As the excavations began to reach deeper soils a Terminal Archaic component was encountered in Test Unit #6, Feature 2, 55 cm below ground surface (BGS) in Level 6. The feature appeared as a charcoal stain in the western end of the unit. Careful removal of the soils in the upper few cm of the feature produced a number of fire cracked rock in association with the charcoal. One broken projectile similar to a Terminal Archaic broadspear form was recovered in direct association with the feature. The type most closely conforms to Ritchie’s (1965) description of Frost Island. The lithic material is unknown but possible western New York in origin. Numerous charcoal samples were gathered from this feature for 14C dating purposes.
One projectile was recovered which may be a Late Archaic Brewerton side-notched form. This point was found in Test Unit #6 at an elevation of 84 cm below ground surface (BGS) or nearly 30 cm below the Terminal Archaic point. The point exhibits a double side notch on one side of the stem that is common for the Brewerton side-notched type. The point is made from local western New York state lithics.

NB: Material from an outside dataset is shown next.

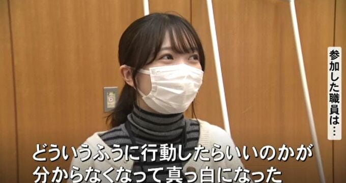 参加した職員「あまり経験したことが無いのでとにかくびっくりして緊張してしまったのでどういう風に行動したらいいのかがわからなくなって真っ白になった」「淡々と普段のテンションで詰めてきたりというのはあるので、窓口ではなくて電話口でもそういうのはあるのでそういう時に活かしたいと思う」

The deepest artifacts recovered are pictured below and include a stemmed lanceolate point, a notch, and a utilized flake. The stemmed lanceolate point was made from local shale and was recovered in Test Unit #4 at an elevation of 123 cm below ground surface (BGS) in Level 13. It measures 73 mm in maximum length. A maximum width of 27.3 mm occurs near the shoulder/ haft juncture and a maximum thickness of 7.2 mm was also found in this region which represents the base of the blade. Basal thinning was also witnessed. Measurements of as low as 4.3 mm maximum thickness were recorded from the lower end of the haft region. The central portion of the haft measures 25.2 mm. The use of material other than chert may be indicative of the fact that high quality workable chert sources are currently unknown in the general vicinity of the site. The notch was recovered from Level 12 in Test Unit #5. This flake tool exhibits one narrow concavity formed by pressure flaking along the left margin (dorsal surface up). It was manufactured from a low grade tan/gray chert of unknown origin. The utilized flake was recovered in Test Unit #6 at 136 cm below ground surface (BGS) in Level 14. This tool was manufactured from Gull river chert. The deepest artifact (not pictured) recovered from 36F066 was found in Test Unit #6 at 149 cm below ground surface in Level 15. This tool appears to be a retouched flake. Whether these tools are Paleoindian in age is open for debate.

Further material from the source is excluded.